» **YOUR ASSIGNMENT**: Output exactly, and only, the lines below from the one with "このツートンカラーのカシミアマフラーは、ロカバールパッチの刺繍が特徴です。" down to the one with "My grandma gave". Include both end lines and no pictures.

» **INPUT RECORDS**:
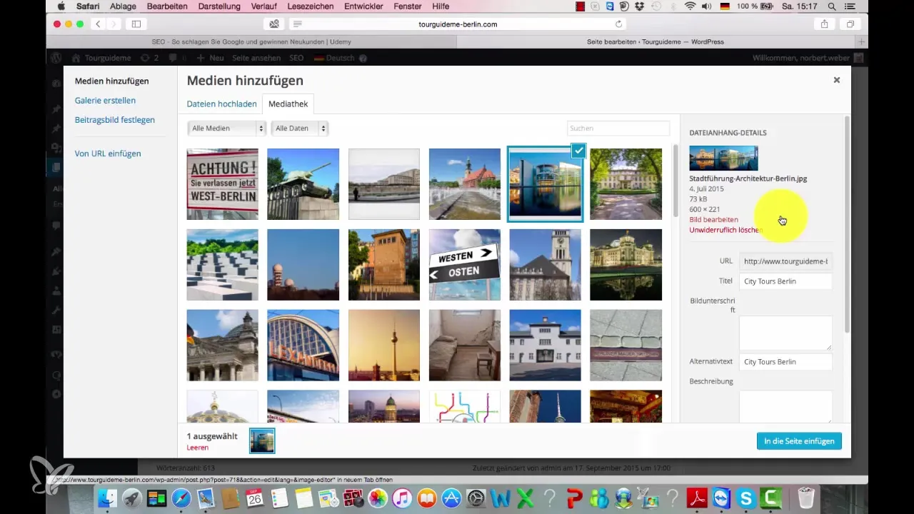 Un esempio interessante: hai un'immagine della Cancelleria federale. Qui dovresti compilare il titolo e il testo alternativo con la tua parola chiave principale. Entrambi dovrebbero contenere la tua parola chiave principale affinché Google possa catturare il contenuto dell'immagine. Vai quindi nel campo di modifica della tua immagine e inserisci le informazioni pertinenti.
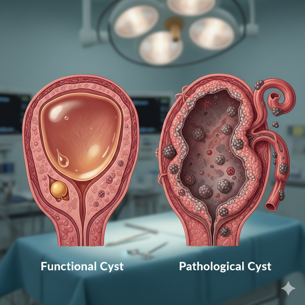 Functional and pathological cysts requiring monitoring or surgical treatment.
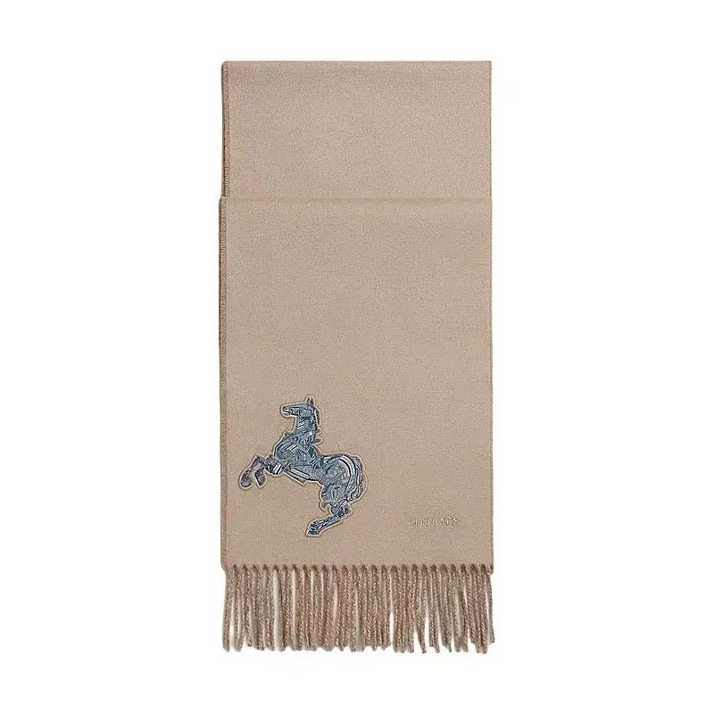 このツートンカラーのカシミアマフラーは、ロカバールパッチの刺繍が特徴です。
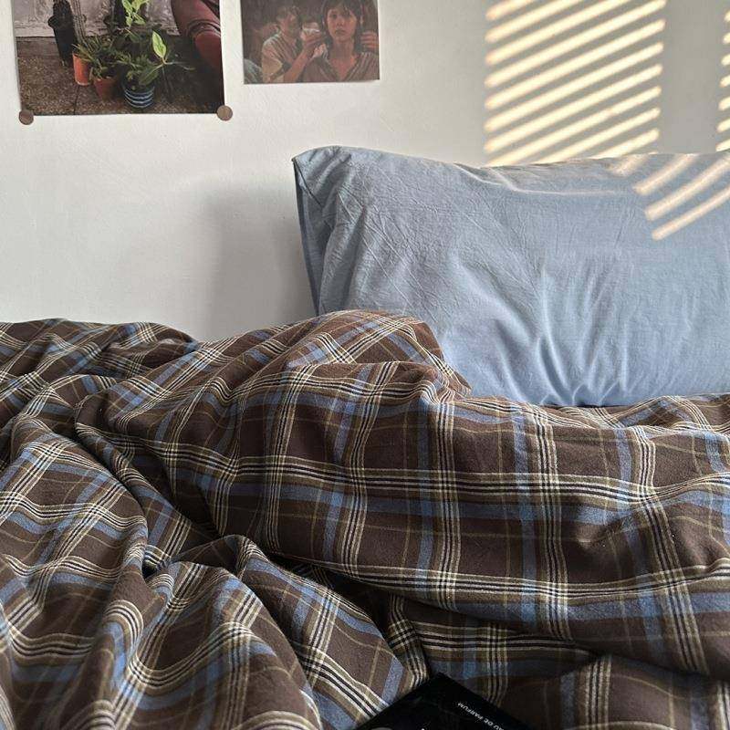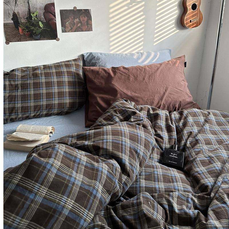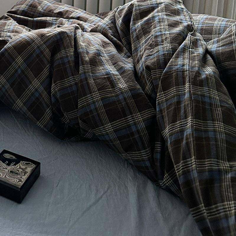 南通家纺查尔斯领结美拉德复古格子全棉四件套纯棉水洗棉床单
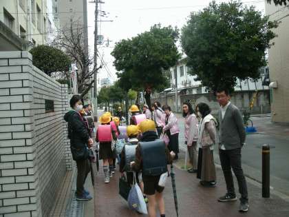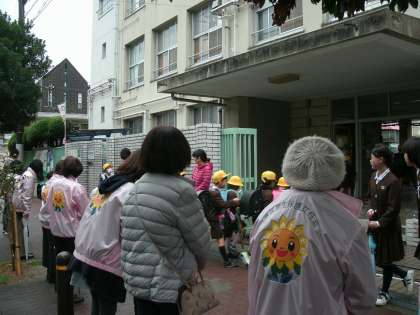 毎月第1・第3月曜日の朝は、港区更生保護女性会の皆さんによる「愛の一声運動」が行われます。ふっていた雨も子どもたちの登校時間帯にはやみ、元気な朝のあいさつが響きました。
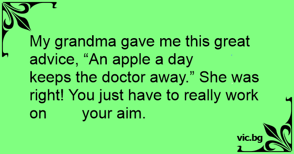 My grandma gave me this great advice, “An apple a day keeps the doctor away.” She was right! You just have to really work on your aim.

* * *

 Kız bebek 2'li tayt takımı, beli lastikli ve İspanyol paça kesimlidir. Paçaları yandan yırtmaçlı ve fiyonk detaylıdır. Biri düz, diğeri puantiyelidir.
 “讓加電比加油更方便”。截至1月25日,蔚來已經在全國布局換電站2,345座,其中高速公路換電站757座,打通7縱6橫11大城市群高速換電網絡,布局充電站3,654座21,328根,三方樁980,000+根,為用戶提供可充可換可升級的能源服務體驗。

...

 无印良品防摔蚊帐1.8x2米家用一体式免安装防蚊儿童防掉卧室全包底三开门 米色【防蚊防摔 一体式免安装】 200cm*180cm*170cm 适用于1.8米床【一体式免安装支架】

» **FINISHED TASK**:
 このツートンカラーのカシミアマフラーは、ロカバールパッチの刺繍が特徴です。
 南通家纺查尔斯领结美拉德复古格子全棉四件套纯棉水洗棉床单
 毎月第1・第3月曜日の朝は、港区更生保護女性会の皆さんによる「愛の一声運動」が行われます。ふっていた雨も子どもたちの登校時間帯にはやみ、元気な朝のあいさつが響きました。
 My grandma gave me this great advice, “An apple a day keeps the doctor away.” She was right! You just have to really work on your aim.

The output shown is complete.